== Provided records

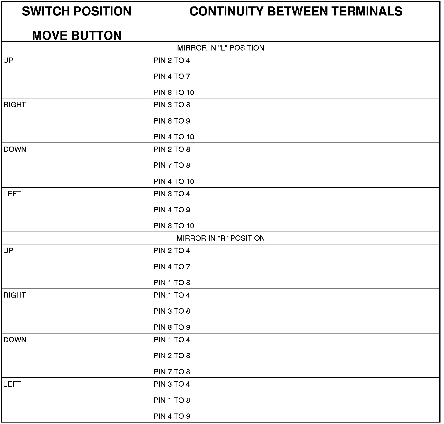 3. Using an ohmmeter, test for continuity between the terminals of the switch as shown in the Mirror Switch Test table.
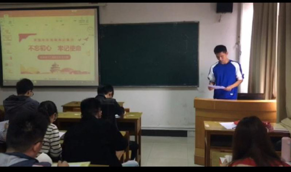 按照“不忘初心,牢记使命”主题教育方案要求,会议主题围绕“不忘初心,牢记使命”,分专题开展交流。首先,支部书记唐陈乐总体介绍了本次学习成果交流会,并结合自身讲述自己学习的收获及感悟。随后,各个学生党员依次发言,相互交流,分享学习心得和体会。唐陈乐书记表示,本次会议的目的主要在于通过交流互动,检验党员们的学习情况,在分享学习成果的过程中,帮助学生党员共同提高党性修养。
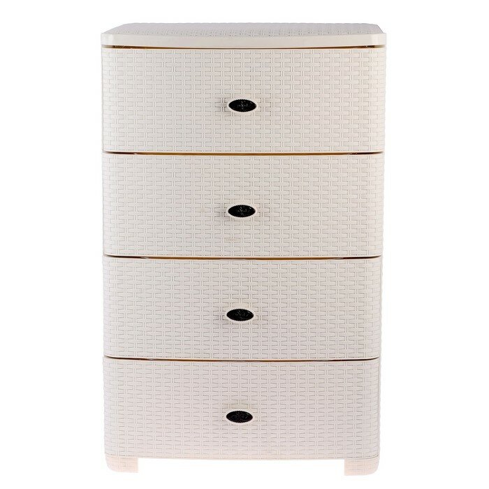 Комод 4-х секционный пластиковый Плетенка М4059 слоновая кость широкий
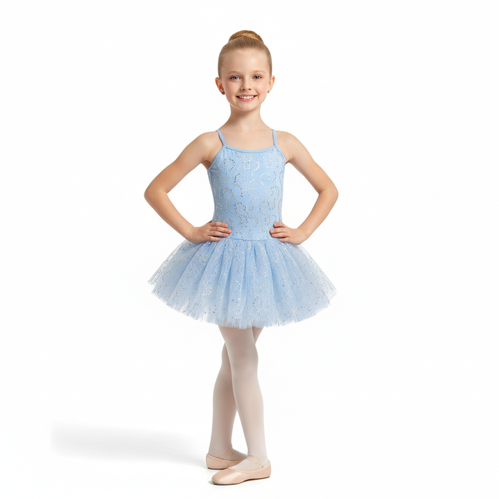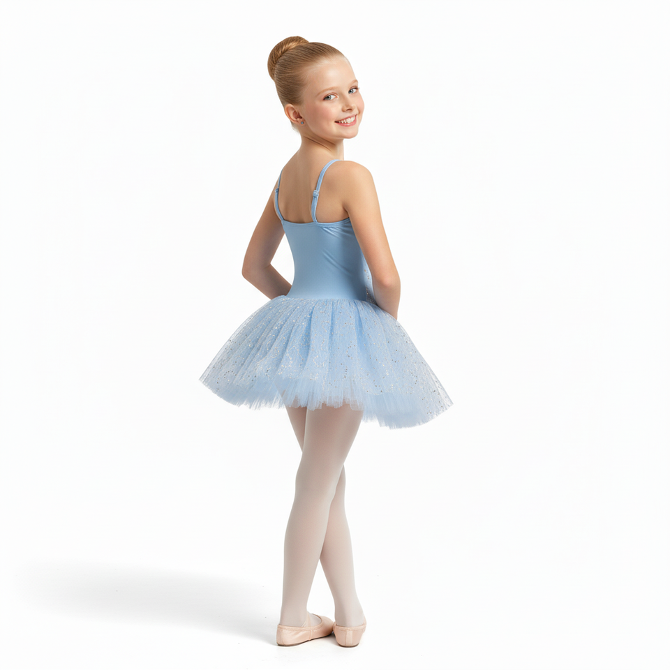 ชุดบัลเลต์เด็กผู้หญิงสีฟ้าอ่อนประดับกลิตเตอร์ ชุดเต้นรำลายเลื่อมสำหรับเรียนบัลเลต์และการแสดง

====
== Provided records

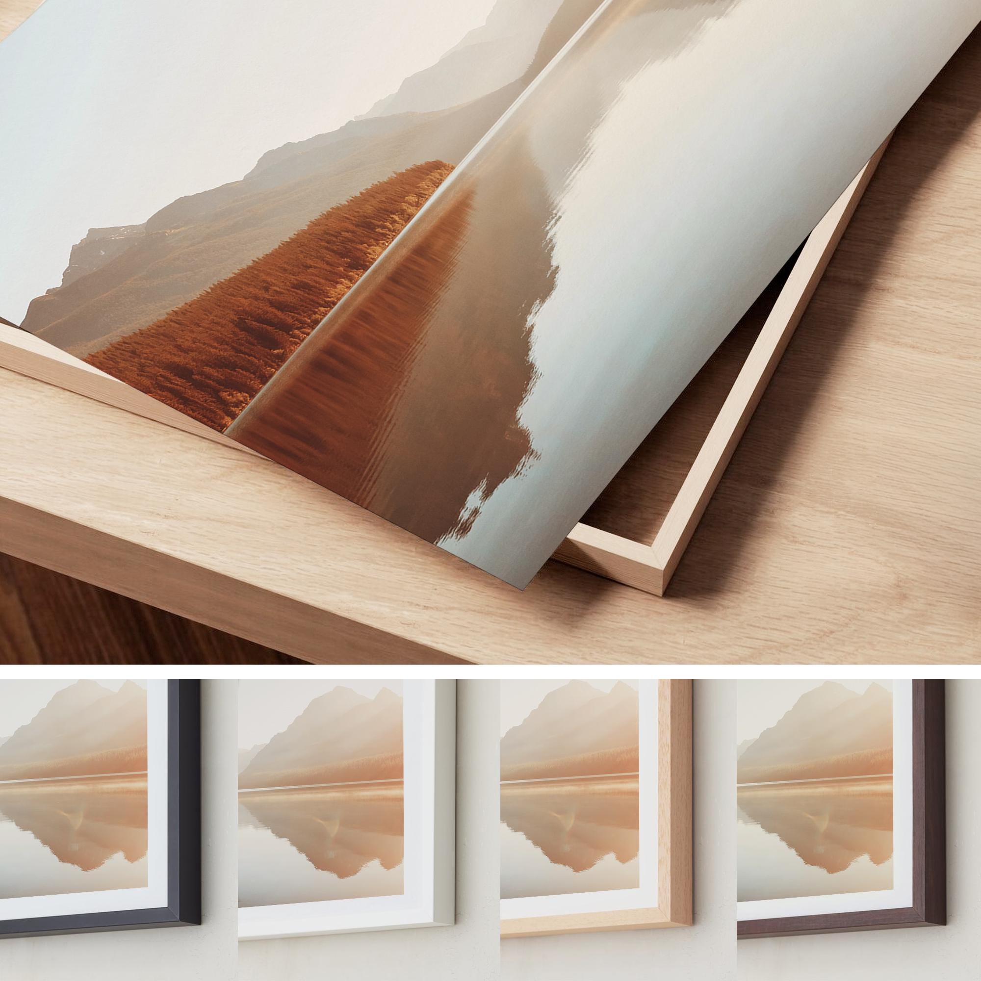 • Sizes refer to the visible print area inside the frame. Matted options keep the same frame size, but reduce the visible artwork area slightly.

====

## Assignment
Look above for the line with "Комод 4-х секционный" and the line with "ชุดบัลเลต์เด็ก". Output those two and everything between them exactly, pictures excluded.

## Answer box
 Комод 4-х секционный пластиковый Плетенка М4059 слоновая кость широкий
 ชุดบัลเลต์เด็กผู้หญิงสีฟ้าอ่อนประดับกลิตเตอร์ ชุดเต้นรำลายเลื่อมสำหรับเรียนบัลเลต์และการแสดง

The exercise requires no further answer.